Machine Learning Manager
API Reference
- class forepaas.ml.Notebook
Bases:
object- get_notebook(notebook_id)
get_notebook returns the notebook from a notebook id
- Parameters:
notebook_id (str) – ID of the notebook to retrieve
- Returns:
notebook configuration
- Return type:
dict
- list_notebooks()
list_notebooks returns a list of all notebooks
- Returns:
all notebook configurations
- Return type:
list
- forepaas.ml.count_testing_dataset(pipeline_id=None)
Returns total number of entries for the test dataset. This is either rows for structured data, or files for unstructured.
- Parameters:
pipeline_id (str) – test dataset pipeline id, defaults to None
- Returns:
number of items in the test dataset
- Return type:
int
- forepaas.ml.count_train_dataset(pipeline_id=None)
Returns total number of entries for the train dataset. This is either rows for structured data, or files for unstructured.
- Parameters:
pipeline_id (str) – train dataset pipeline id, defaults to None
- Returns:
number of items in the train dataset
- Return type:
int
- forepaas.ml.create_model(model_configuration)
create_model adds a model to the MLM
- Parameters:
model_configuration (dict) – configuration of the model
- Returns:
request status response
- Return type:
dict
- forepaas.ml.create_pipeline(pipeline_configuration, params={})
create_pipeline will create a ML pipeline from a configuration file
- Parameters:
pipeline_configuration (dict) – a pipeline configuration json
params (dict, optional) – additional arguments
- forepaas.ml.delete_model(model)
delete_model removes a model from the MLM
- Parameters:
model (str) – model id to remove
- Returns:
request status response
- Return type:
dict
- forepaas.ml.format_scoring(scoring)
gets scoring func from a score configuration
- Parameters:
scoring (dict) – scoring configuration
- Returns:
scoring function
- Return type:
function
- forepaas.ml.get_estimator(model_configuration, path=None)
get_estimator loads a persistent model file from the data store and returns the model. Supported files are pkl, h5, and pth.
- Parameters:
model_configuration –
path (str, optional) – path to estimator
- Returns:
fitted model
- Return type:
fitted model
- forepaas.ml.get_hyper_parameters(train=None)
Retrieves the name and value set during the hyper parameter tuning portion of the MLM pipeline, returning key value pairs
- Parameters:
train (dict, optional) – train configuration, defaults to None
- Returns:
hyper parameters
- Return type:
dict
- forepaas.ml.get_model(model)
get_model retrieves a model configuration from the MLM
- Parameters:
model – model id
:type model:str :returns: request status response :rtype: dict
- forepaas.ml.get_pipeline(pipeline_id, params={})

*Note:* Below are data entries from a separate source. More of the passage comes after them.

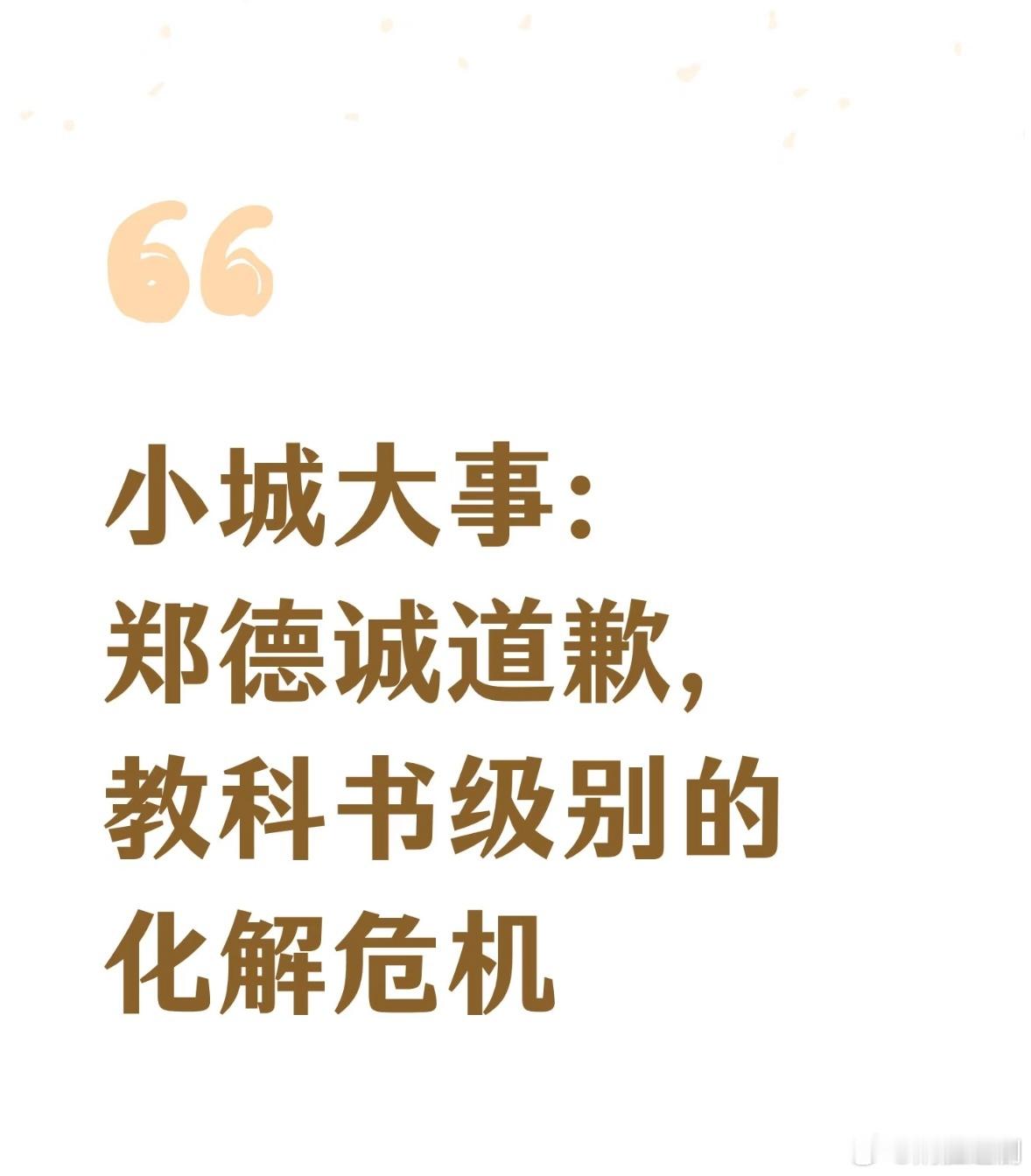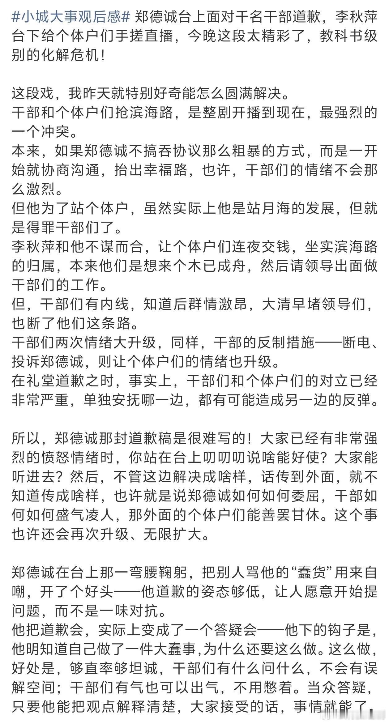 小城大事 这段道歉戏挺好的。郑德诚道歉和李秋萍小纸条转播双线并行,没有通过硬煽情,只是真诚地举例子讲事实,通过通过道歉和答疑安抚双方情绪,成功化解危机👍小城大事后劲
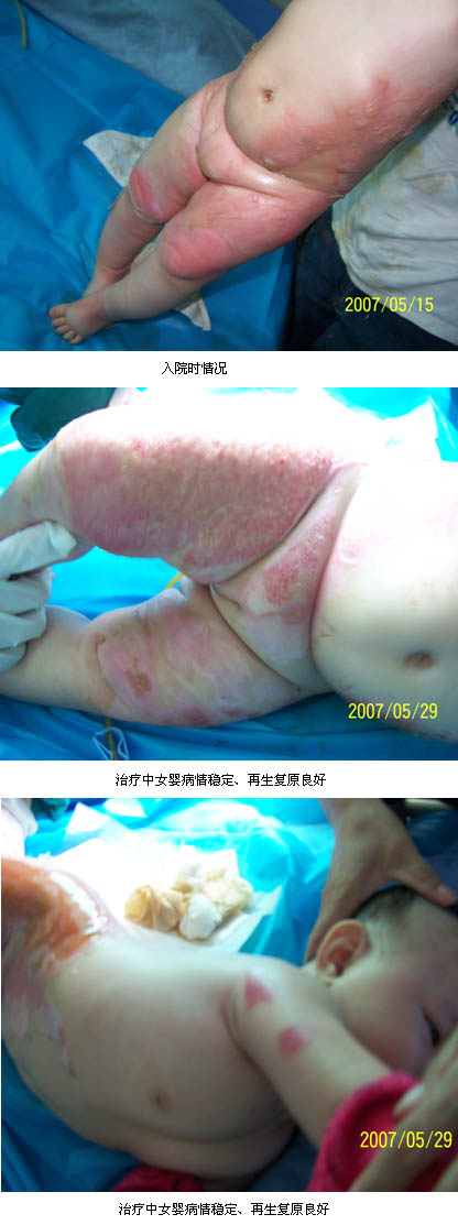 2007年5月16日,一個只有4個月大小的女嬰被家長急送到中山市黃圃人民醫(yī)院燒傷創(chuàng)瘍科,原來該患兒在半小時前被剛燒滾的熱水燙傷了,入院時檢查,患兒精神萎靡不振,哭聲低,表情淡漠。反應(yīng)差。入院診斷:燒傷休克,大面積特重度熱水燙傷40%TBSA(淺II度5%TBSA,深I(lǐng)I度淺型15%TBSA,深I(lǐng)I度深型10%TBSA,III度淺型5%TBSA,III度深型5%TBSA)。入院后,經(jīng)過積極的抗休克、抗感染等綜合治療,同時規(guī)范應(yīng)用皮膚原位再生技術(shù)進(jìn)行創(chuàng)面處理,盡管患兒一度出現(xiàn)SIRS表現(xiàn),但由于規(guī)范應(yīng)用皮膚原位再生醫(yī)療技術(shù),患兒平穩(wěn)度過了休克期和創(chuàng)面液化期和高代謝期,經(jīng)過35天的治療患兒創(chuàng)面全部自行愈合。
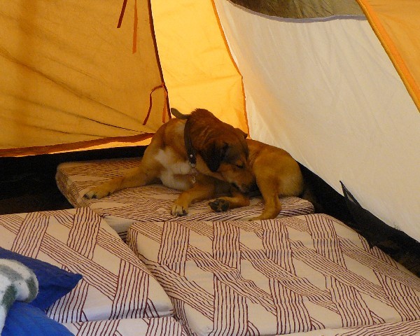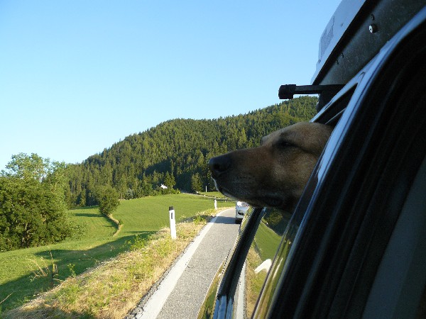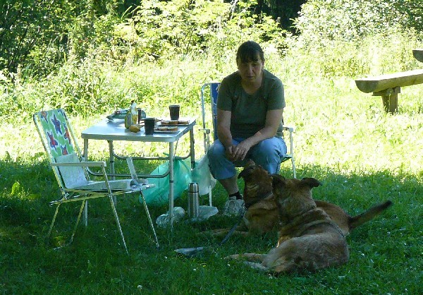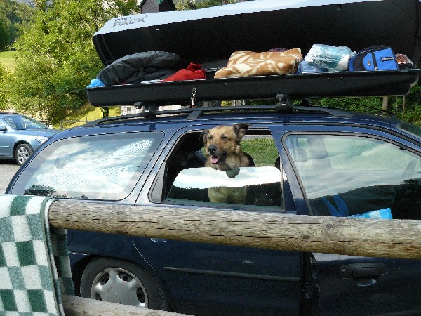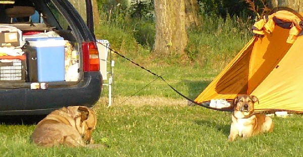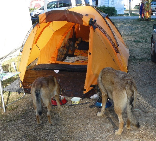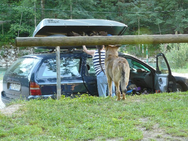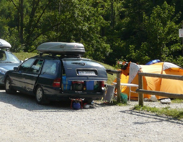 A to już pole namiotowe w Kaiserbrunn. Rozpakowujemy się, a psiaki czekają w aucie.
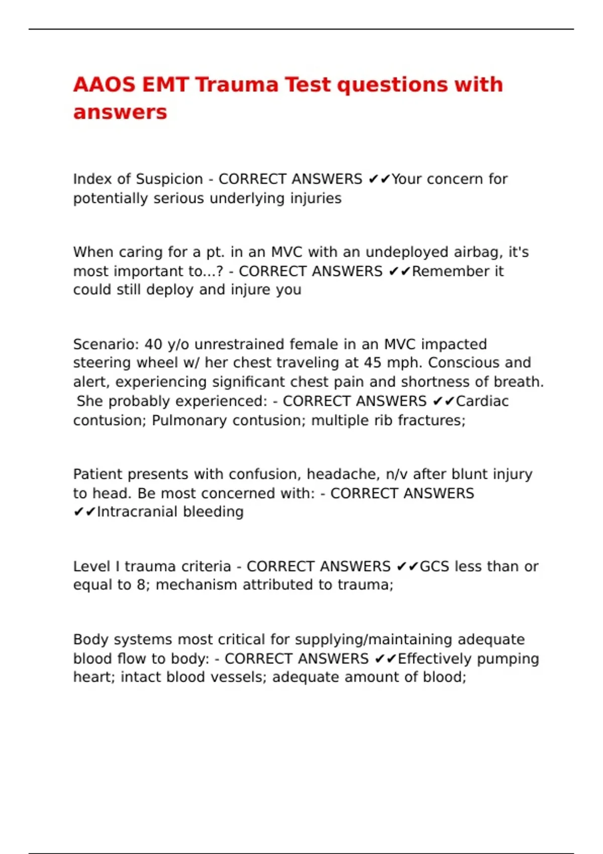 Level I trauma criteria - CORRECT ANSWERS ✔✔GCS less than or
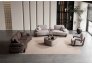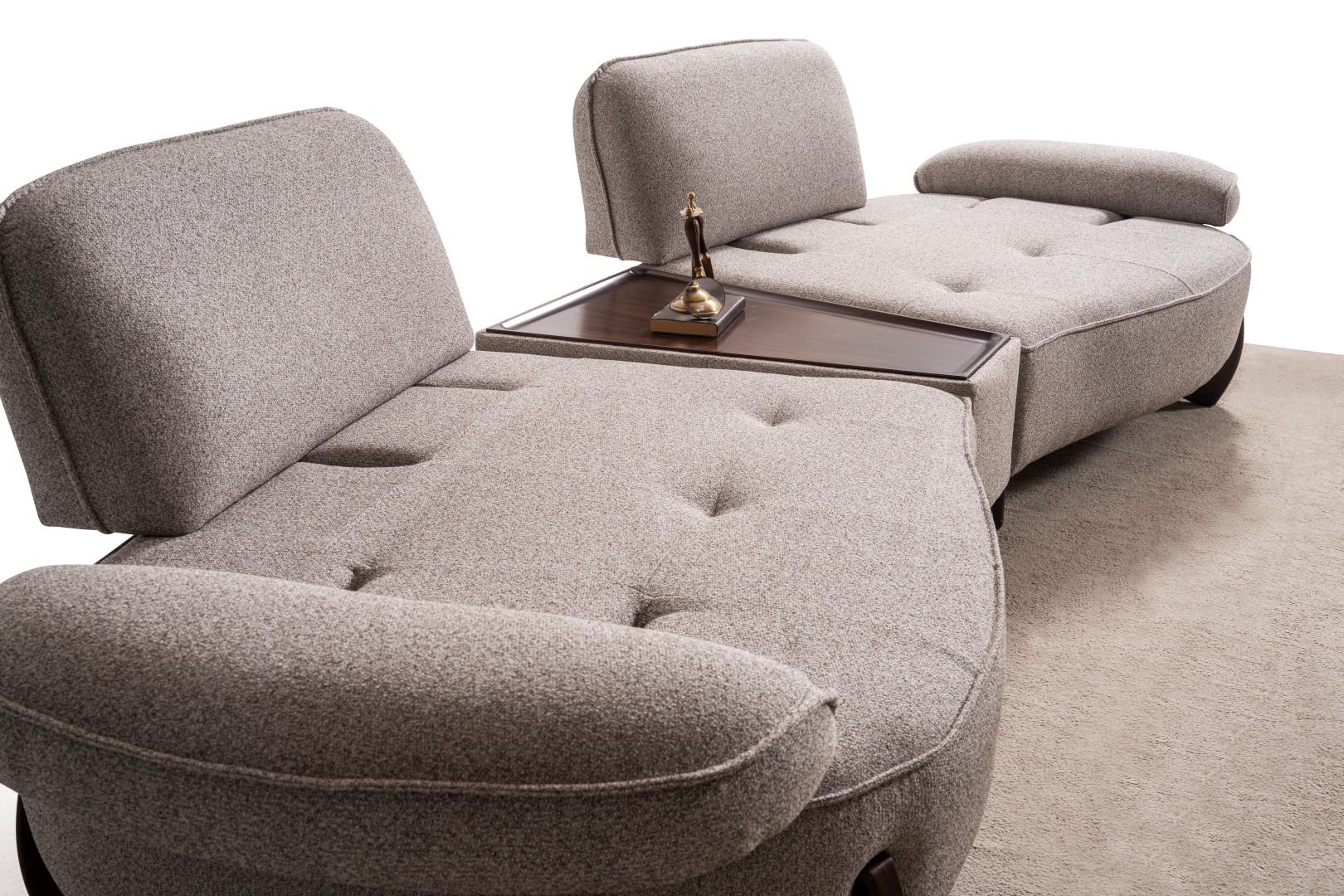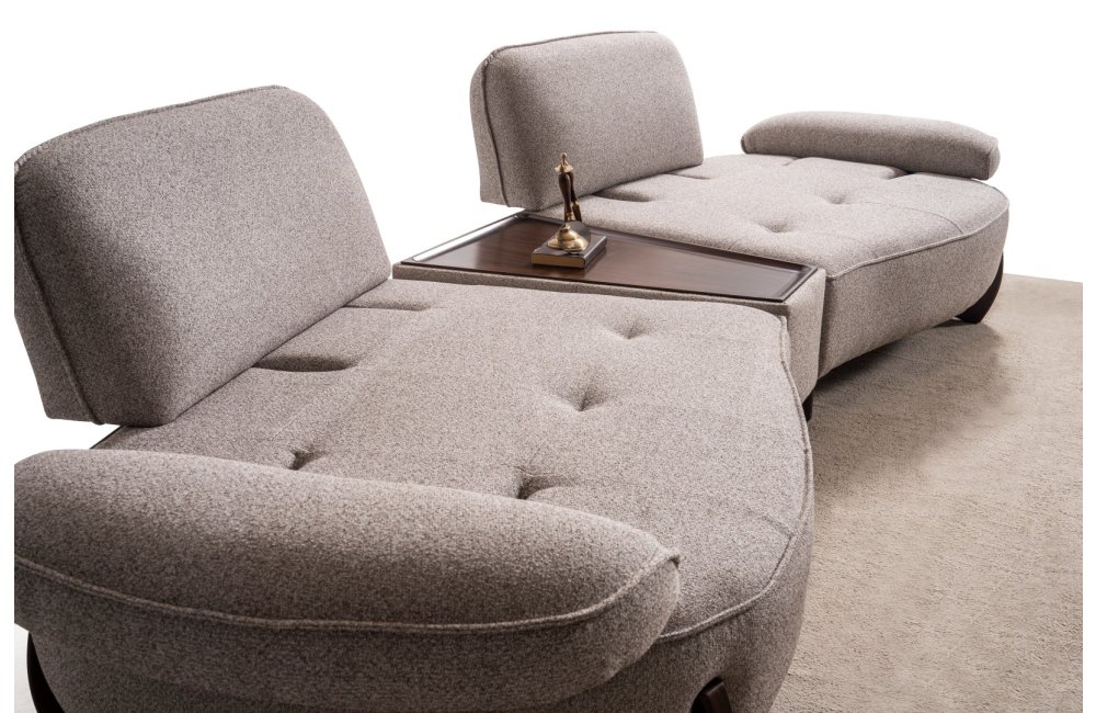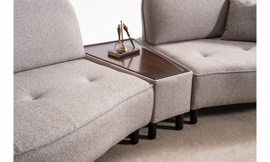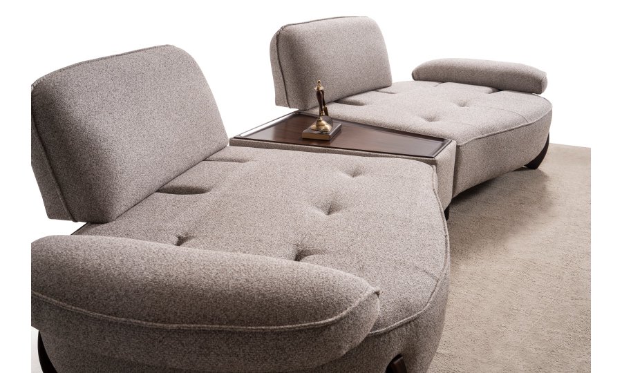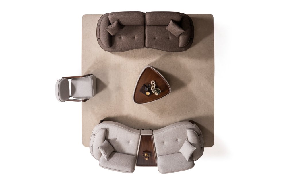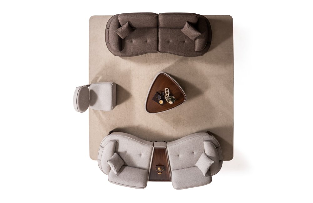 • Bütünleyici Parçalar: Takım genellikle üçgen formlu, yuvarlatılmış köşelere sahip orta sehpalarla kombinlenerek geometrik bütünlük tamamlanır.

get_pipeline returns the ML_CONFIG for a specific ML pipeline. Returns the pipeline configuration.
- Parameters:
pipeline_id (str) – ID of the pipeline to retrieve
params (dict, optional) – additional arguments to provide
- Returns:
pipeline configuration
- Return type:
dict
- forepaas.ml.get_pipeline_dataset(pipeline_id, params={})
get_pipeline_dataset returns the dataset section of a ML pipeline configuration
- Parameters:
pipeline_id (str) – pipeline id of the dataset to retrieve
params (dict, optional) – additional arguments
- Returns:
dataset configuration
- Return type:
dict
- forepaas.ml.get_pipeline_train(pipeline_id, params={})
get_pipeline_train returns the training section of a ML pipeline configuration
- Parameters:
pipeline_id (str) – pipeline id of the train to retrieve
params (dict, optional) – additional arguments to call
- Returns:
training configuration
- Return type:
dict
- forepaas.ml.get_testing_dataset(pipeline_id=None)
returns the testing dataset for a pipeline. If pipeline is unstructured the returned values will be a dataframe of filepaths.
- Parameters:
pipeline_id (str) – test dataset pipeline id, defaults to None
- Returns:
test dataset
- Return type:
pandas.DataFrame
- forepaas.ml.get_train_dataset(pipeline_id=None)
returns the training dataset for a pipeline. If pipeline is unstructured the returned values will be a dataframe of filepaths.
- Parameters:
pipeline_id (str) – train dataset pipeline id, defaults to None
- Returns:
Train dataset
- Return type:
pandas.DataFrame
- forepaas.ml.get_train_scoring_function(train=None)
Retrieves the scoring function used by a specific train
- Parameters:
train (dict, optional) – train configuration, defaults to None
- Returns:
scoring function
- Return type:
function
- forepaas.ml.list_model(filter=None)
list_model lists all models in the MLM
- Parameters:
filter (dict,optional) – filter for model
- Returns:
request status response
- Return type:
dict
- forepaas.ml.list_pipelines(params={})
list_pipelines returns a list of ML configuration for all pipelines in the ML
- Parameters:
params (dict, optional) – additional arguments
- Returns:
pipeline configurations
- Return type:
List[dict]
- forepaas.ml.predict(data, model_id=None, consumer_id=None, framework='sklearn', input_type='json', uri=None, return_type='dict', headers=None, timeout=360)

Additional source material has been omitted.